August 16, 2021
The Icicle may seem quiet, but a number of moves are underway.
Leading the list is an imminent draft environmental impact statement on Eightmile Lake, which the Washington State Department of Ecology predicts will be released by "Summer/Fall 2021." We have heard nothing further about the exact date when it will become available.
After a deluge of scoping comments earlier this year, Ecology published a summary of those comments in June, summarizing how it proposed to address each of them in its upcoming EIS. See https://apps.ecology.wa.gov/publications/documents/2112008.pdf. Ecology said it would also include in its EIS a third alternative design for the Eightmile Lake dam.
On the unresolved question of relinquished water rights, which has been at the core of the Eightmile Lake dispute, Ecology said:
Ecology will provide a discussion of Water Rights and the status and implications of IPID's water rights in the Draft EIS, in the Water Rights section. IPID has not yet filed a Water Rights Change Application, so analyses described in the EIS will be based on preliminary information. Some level of detail that has been requested is not available, but the issue of the Districts' [sic] water rights will be comprehensively addressed in the Draft EIS.
Conservationists have asked for more clarification about this process.

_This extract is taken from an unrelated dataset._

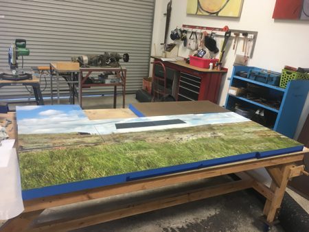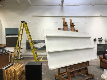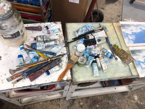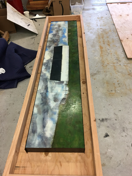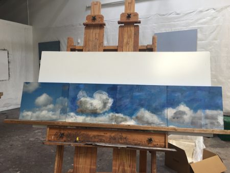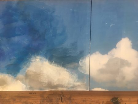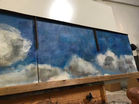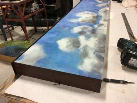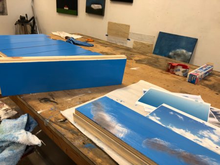 Like a previous post I did about its companion piece in the Venice show, I’d like to show you some of the making of this piece. Below you’ll find plenty of pictures and descriptions. Click on the first photo and you can scroll through the rest of them with captions. More photos of this and other pieces in the Skies series can be found here.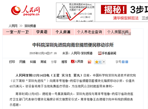 人民网:中科院深圳先进院向南非捐赠便民移动诊所

Ecology says it will attempt to respond by the end of August.
Meanwhile, the Okanogan-Wenatchee National Forest has answered both in writing and at a virtual meeting a raft of questions from conservationists about the role and position of the Forest Service at Eightmile Lake. Because the lake and dam are within the Alpine Lakes Wilderness, a number of questions arise. The Forest Service deferred answering most of them until it knows more exactly what Ecology and the irrigation district propose to do. More clarity is not likely until Ecology finishes its EIS process and selects a preferred alternative.
The Forest Service did clarify one point. Whatever rights the irrigation district reserved in its special warrant deed only apply to those lands at Eightmile Lake formerly owned by the irrigation district. As we have previously reported, when the irrigation district conveyed its lands at the lake to the federal government, it reserved a number of rights in a special warranty deed. The Forest Service clarification on the scope of that deed leaves open the question of how the agency will address any proposed changes in the lake level on lands that have always been part of the national forest, i.e., lands that were not part of the deed.

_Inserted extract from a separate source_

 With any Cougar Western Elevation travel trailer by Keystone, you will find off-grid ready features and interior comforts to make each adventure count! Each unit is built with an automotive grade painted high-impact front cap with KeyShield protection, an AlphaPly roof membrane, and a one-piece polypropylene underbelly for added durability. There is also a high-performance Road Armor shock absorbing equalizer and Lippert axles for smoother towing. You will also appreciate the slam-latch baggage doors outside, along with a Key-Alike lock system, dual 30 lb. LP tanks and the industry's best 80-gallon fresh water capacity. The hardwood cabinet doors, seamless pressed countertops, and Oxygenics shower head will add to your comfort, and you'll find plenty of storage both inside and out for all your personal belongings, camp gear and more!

Ecology's Dam Safety Office and the irrigation district appear to be at a temporary standoff over hazard ratings imposed on the Colchuck, Klonaqua, and Square Lake dams. The irrigation district disputes these ratings. It has retained its own engineers to review the design and integrity of these dams, with inspections planned for this summer. The engineers' report, due by year's end, is likely to generate further negotiations between the irrigation district and the Dam Safety Office.
Also planned this summer were temporary repairs on the Klonaqua and Square Lake dams, which the irrigation district planned to do on a hike-in basis. We do not know how much work has been done.
Conservationists have also held discussions with the irrigation district and others about a proposal that would improve stream flow in the lower reaches of Icicle Creek. Currently, the irrigation district diverts its water from Icicle Creek near where Snow Creek enters the Icicle. The proposal is to move that diversion point downstream to the confluence of the Icicle with the Wenatchee River, thereby boosting streamflow in the lower Icicle. During periods of low water, that would be especially helpful for fish.
This change would require pumping the diverted water back up to its current elevation, which now enjoys a pump-free gravity flow. Hence, this changed diversion has come to be known as "the Pump-Back proposal".
Its biggest challenge may be the cost of continuous pumping. Energy options range from a possible small-head hydro plant on Snow Creek to a long-term arrangement with the local utility district. Some public funding will likely be needed. Discussions continue.
Finally, the drought that has been officially declared this summer for Washington state is a reminder that the irrigation district has proposed during declared droughts to draw down Eightmile Lake even lower than in normal years. Eightmile Lake seems destined to become an early test over wilderness values in this age of climate change.